Drawing from coexisting feelings of anxiety and catharsis, Chloe Chiasson ruminates on what was missing from her Southern upbringing by building intimate escapes where queer people feel a sense of safety and belonging.
Here, we ask an artist to frame the essential details behind one of their latest works.
Bio: Chloe Chiasson, 28, Brooklyn (@chloechiasson_)
Title of work: Sunday Confessions.
Where to see it: “Fast Hearts and Slow Towns” at Albertz Benda Gallery (515 W 26th Street, New York) until June 25.
Three words to describe it: Rite of passage.
What was on your mind at the time: The privacy and safety—and often lack thereof—of queer spaces in the South. More specifically, where I’m from and what such a space looked and felt like for me growing up with the religious undertones/comparisons of every setting I found comfort, privacy, and safety in.

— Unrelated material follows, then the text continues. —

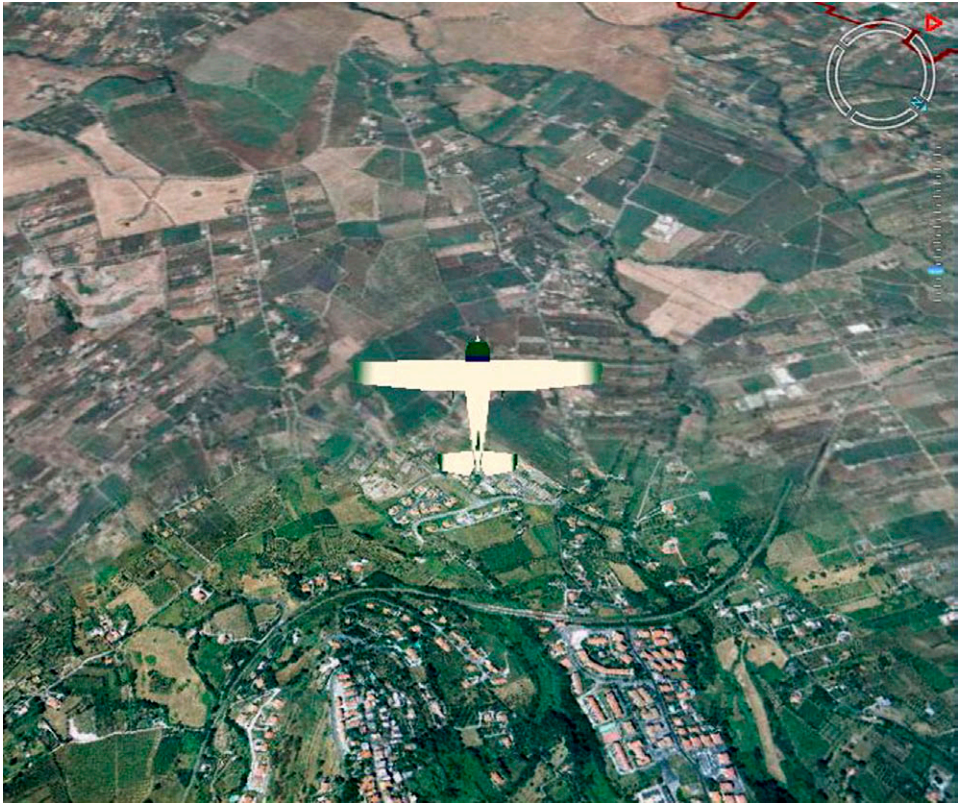
Fig. 6 – An example of the “flight” methodology during the itinerary.

During the flight, through general and detailed views, some intermediate steps are programmed: the ancient route of the Via Aurelia (Fig. 7), Pyrgi (the port of Caere and place of a famous Etruscan sanctuary), the Archaeological Museum of Cerveteri and finally the plateaus occupied by the necropolises and the ancient town. The narration develops around archaeological records, intended as evidence connected to the territory but enriched with historical and cultural information.

Historically and now, the photobooth was and is a safe space for queer people as it allows you to be the subject, the photographer, and the developer, thus eliminating any third-party involvement. Much like a Catholic confessional, though fundamentally different in purpose, the photobooth holds your secrets. This piece serves as a metaphor for the narrow space for queer life in religion-dominated places, structured for secrecy, protection, and escape, with its inhabitants refusing the narrow confines to which they’ve been relegated.
An interesting feature that’s not immediately noticeable: The photo strip that sits in the photo dispenser shows the flash of the photos still being taken, but no people/person in the photos. This was meant to suggest that in the very short amount of time the photobooth was snapping photos (usually 10 seconds or less), the people/person fled quickly.
How it reflects your practice as a whole: Right now, I’m deeply invested in the spaces and places of where I’m from: the South. I’m trying to engage imaginatively and combatively in the remaking of these spaces and places that built me—the values, traditions, and religious upbringing that I’m a product of—but that, as a lesbian, I contradict the destructive parts of. I’m trying to find personal freedom through reconstructing these spaces, both metaphorically and materially. Though I’m critiquing and challenging, I’m also sort of creating a South I didn’t have to leave.
One song that captures its essence: “Shallow Be Thy Game” by the Red Hot Chili Peppers.